Versatility is the cornerstone of this grape - It can be vinified to range from dry (the famous wines of Saumur) to off dry (Vouvray comes to mind), to unctuous botryticized dessert wines. Chenin Blanc forms the base of sparkling wines and Brandy as well. Often it is seen as a neutral palate which can be used to highlight a region’s “terroir” or land - soil, irrigation, and vinification.

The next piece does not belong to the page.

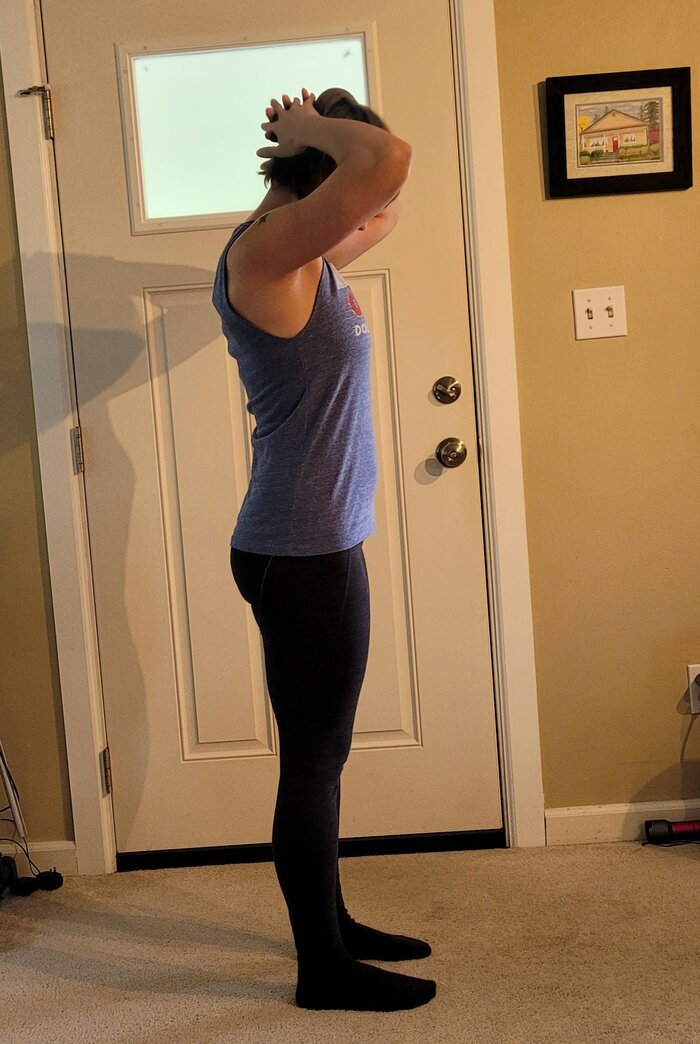 편하게 서서 양손으로 뒷머리를 감싸줍니다.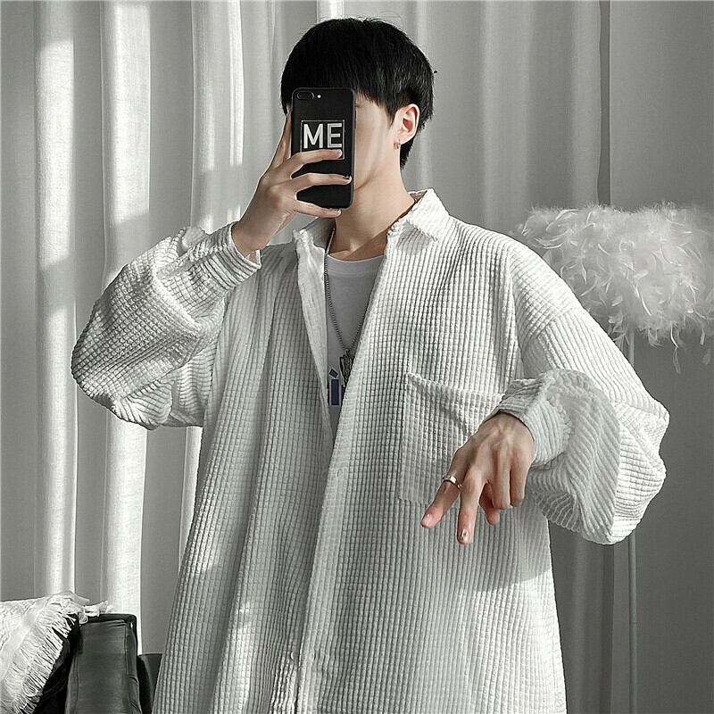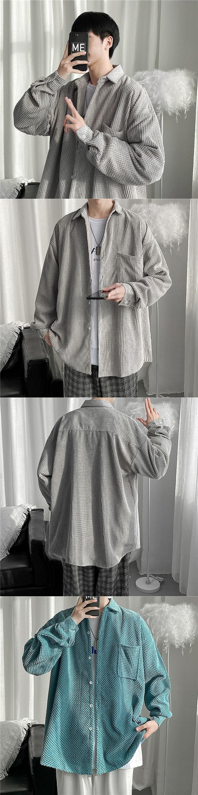 ツーリングジャケット男性悪党ハンサムイン潮秋と冬カジュアルオールマッチカップルシャツジャケットワッフル香港スタイルトップ オータム 秋物 ウィンター 冬物 128517390796276

The Mulderbosch Steen op Hout 2006 from Stellenbosch South Africa is certainly one of our favorite white wines, and has become a mainstay of the award-winning Sunset Hill House winelist. It is medium bodied, just off dry, with pronounced pear flavors. The acid inherent in this wine keeps it lively and clean, and gives it excellent balance. Lightly oaked, it is smooth and lingers on the palate. No wonder it has garnered so much international acclaim, among which is its inclusion in the coveted “Wine Spectator top 100 wines” in 2007. Even better, it has a price of about $15.00/btl and is available through the NH State Liquor Stores by special order. Go ahead and order a case – it won’t last long once you taste it!

Chenin Blanc makes for easy pairing with many foods, especially those with a bit of spice, as well as fish and light poultry. We enjoyed it this week with Monkfish Dijonnaise – the creamy sweet white fish parallels the wines smooth sweetness, while the racy mustard sauce (with a good bit of the wine added) is tamed by it. This same sauce and wine can be paired beautifully with any mild fish, or sauté some chicken for a quick, elegant dinner. I’ll drink (happily) to that!

Sauce Dijonnaise

In a saucepan over low heat melt 2T butter. Add 1 shallot, minced and cook until translucent, then stir in ½ teaspoon dried thyme, 1T dried mustard powder, 1T grainy mustard and 2T flour, cooking until the flour is no longer raw – about 2 minutes. Add 1 cup milk (cream if you wish to be decadent), and bring to a simmer. Then add ¼ C Chenin Blanc, simmer briefly and serve alongside your favorite mild fish or chicken.